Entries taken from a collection
━━━━
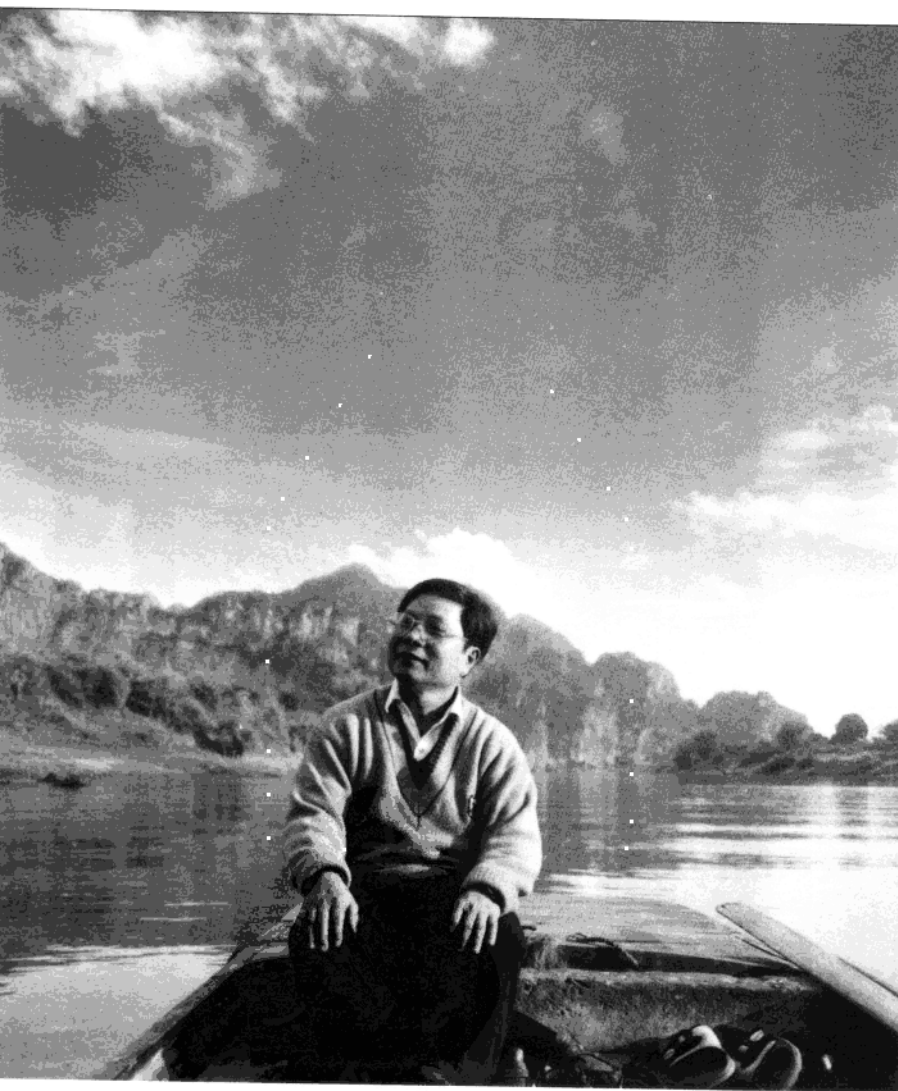
在广西南明县花山
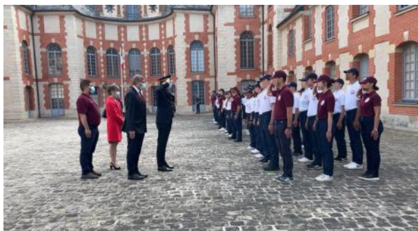
Les jeunes val-de-marnais participant au SNU 2021 (juin 2021) au château de Grosbois à Boissy-Saint-Léger.
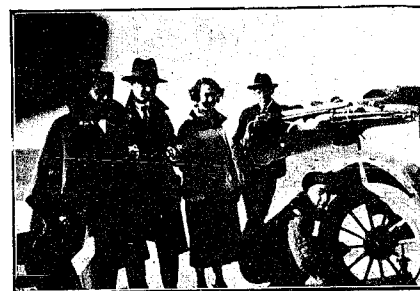
Los intrépidos excursionistas ven compensado su disgusto con la belleza femenina.
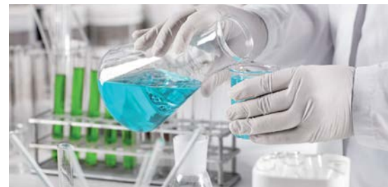
Сточные воды предприятий химического производства
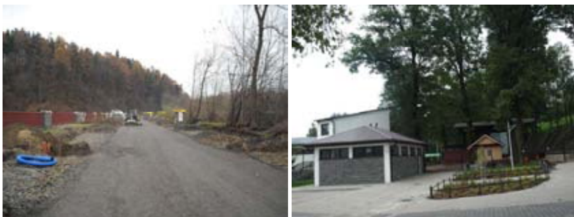
Ryc. 40 Żywiec – Amfiteatr w Grojcu – stan przed realizacją projektu
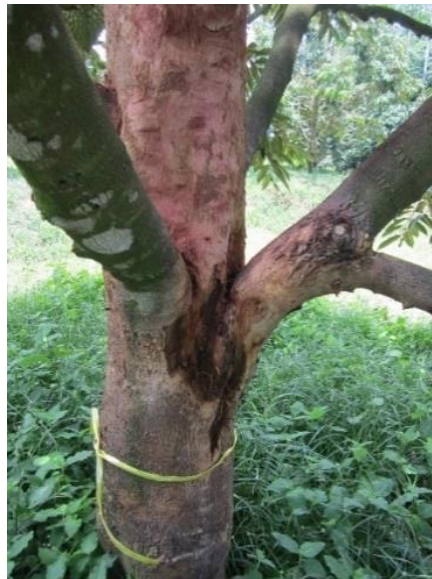
ภาพที่ 7 อาการลำต้นและกิ่งเน่า

2) กลุ่มอาการที่พบแผลโคนต้น หากสังเกตพบแผลตั้งแต่เริ่มอาการ ขูดและทาแผลด้วยสารเคมีและเชื้อราไตรโคเดอร์มา รักษาต่อเนื่องได้ทันอาการจะไม่ลุกลาม สามารถรักษาให้หายได้ แต่หากสังเกตพบอาการได้ช้า แผลลามใหญ่หรือลามรอบโคนต้น โคนกิ่ง จะรักษาได้ยาก คำแนะนำสำหรับกลุ่มนี้คือการราดสารเคมี 1 - 2 ครั้ง ฟันปุระบรอกด้วยเชื้อราไตรโคเดอร์มา กรดฮิวมิก และปุ๋ยเกล็ดสูตรตัวกลางสูง เช่น 20-20-20 หรือ 15-30-15 ที่มีธาตุรองธาตุเสริมร่วมด้วย เพื่อกระตุ้นการสร้างรากใหม่ ร่วมกับการขูดทาแผลด้วยสารเคมีหรือเชื้อราไตรโคเดอร์มาต่อเนื่องทุกเดือน รวมถึงการพ่นสารเคมีกำจัดมอด เนื่องจากอาการแผลที่ลำต้นและกิ่ง มักมีอาการของมอดร่วมด้วย
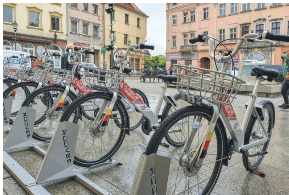
Miejsce postojowe przy żarskim ratuszu

- Zapraszamy do korzystania z żarskich rowerów i liczymy na to, że przyjmą się w naszym mieście - mówi wiceburmistrz Żar Olaf Napiórkowski - Jeśli tak, to będziemy nadal rozwijać ten system o kolejne rejony miasta, a docelowo chcemy mieć w Żarach ponad sto ro-
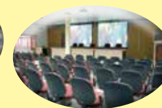
Auditório - 190 pessoas Alugamos para empresas do ramo no comércio
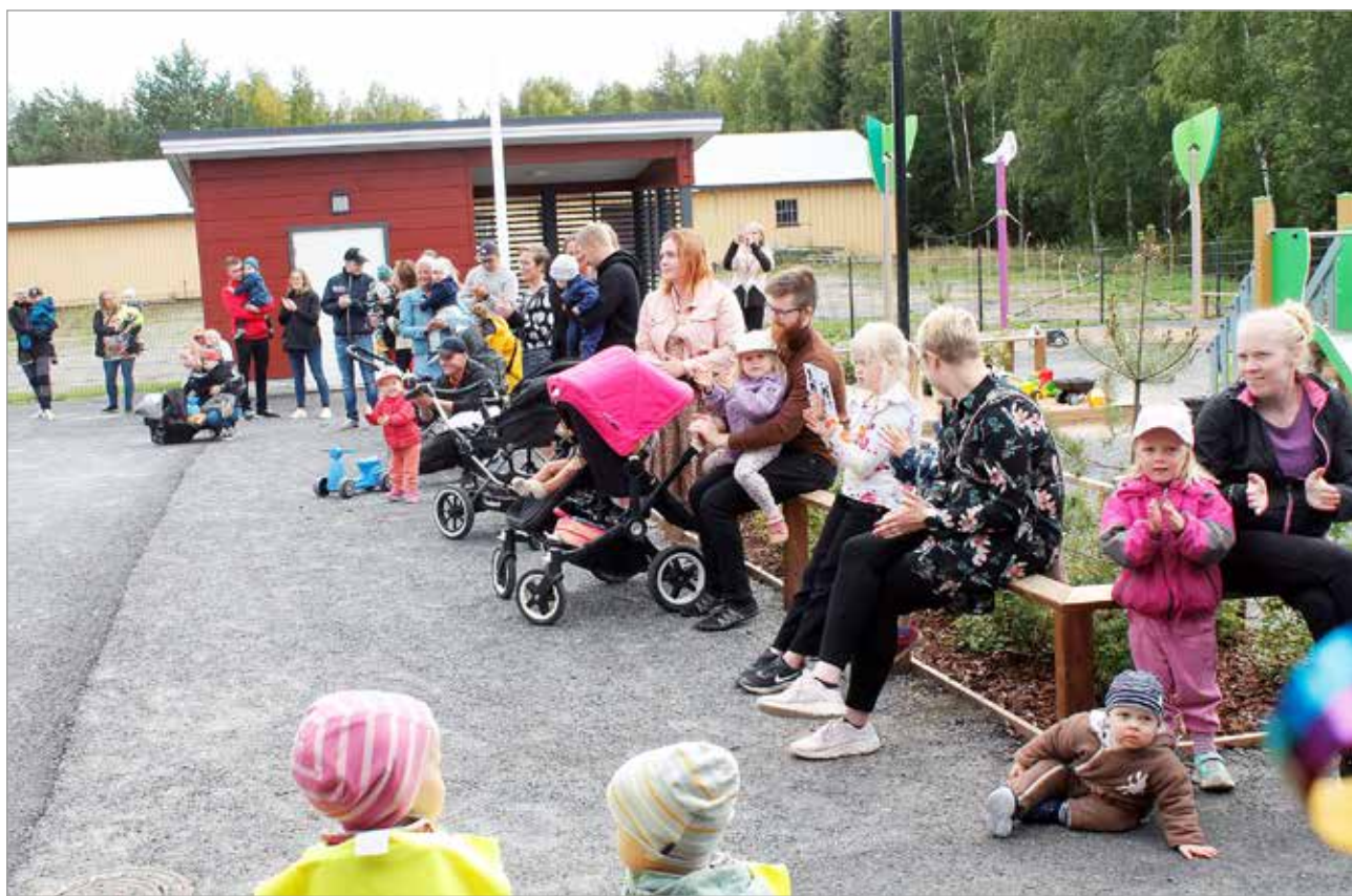
Hirsipäiväkodin avajaisissa kävi useita nykyisiä ja tulevia asiakasperheitä osallistumassa toimintapisteille ja kuuntelemaan musiikki- esitystä.
━━━━
__Description of the task__
Leave the pictures out, then print every entry exactly as it reads.

__Response area__
在广西南明县花山
Les jeunes val-de-marnais participant au SNU 2021 (juin 2021) au château de Grosbois à Boissy-Saint-Léger.
Los intrépidos excursionistas ven compensado su disgusto con la belleza femenina.
Сточные воды предприятий химического производства
Ryc. 40 Żywiec – Amfiteatr w Grojcu – stan przed realizacją projektu
ภาพที่ 7 อาการลำต้นและกิ่งเน่า

2) กลุ่มอาการที่พบแผลโคนต้น หากสังเกตพบแผลตั้งแต่เริ่มอาการ ขูดและทาแผลด้วยสารเคมีและเชื้อราไตรโคเดอร์มา รักษาต่อเนื่องได้ทันอาการจะไม่ลุกลาม สามารถรักษาให้หายได้ แต่หากสังเกตพบอาการได้ช้า แผลลามใหญ่หรือลามรอบโคนต้น โคนกิ่ง จะรักษาได้ยาก คำแนะนำสำหรับกลุ่มนี้คือการราดสารเคมี 1 - 2 ครั้ง ฟันปุระบรอกด้วยเชื้อราไตรโคเดอร์มา กรดฮิวมิก และปุ๋ยเกล็ดสูตรตัวกลางสูง เช่น 20-20-20 หรือ 15-30-15 ที่มีธาตุรองธาตุเสริมร่วมด้วย เพื่อกระตุ้นการสร้างรากใหม่ ร่วมกับการขูดทาแผลด้วยสารเคมีหรือเชื้อราไตรโคเดอร์มาต่อเนื่องทุกเดือน รวมถึงการพ่นสารเคมีกำจัดมอด เนื่องจากอาการแผลที่ลำต้นและกิ่ง มักมีอาการของมอดร่วมด้วย
Miejsce postojowe przy żarskim ratuszu

- Zapraszamy do korzystania z żarskich rowerów i liczymy na to, że przyjmą się w naszym mieście - mówi wiceburmistrz Żar Olaf Napiórkowski - Jeśli tak, to będziemy nadal rozwijać ten system o kolejne rejony miasta, a docelowo chcemy mieć w Żarach ponad sto ro-
Auditório - 190 pessoas Alugamos para empresas do ramo no comércio
Hirsipäiväkodin avajaisissa kävi useita nykyisiä ja tulevia asiakasperheitä osallistumassa toimintapisteille ja kuuntelemaan musiikki- esitystä.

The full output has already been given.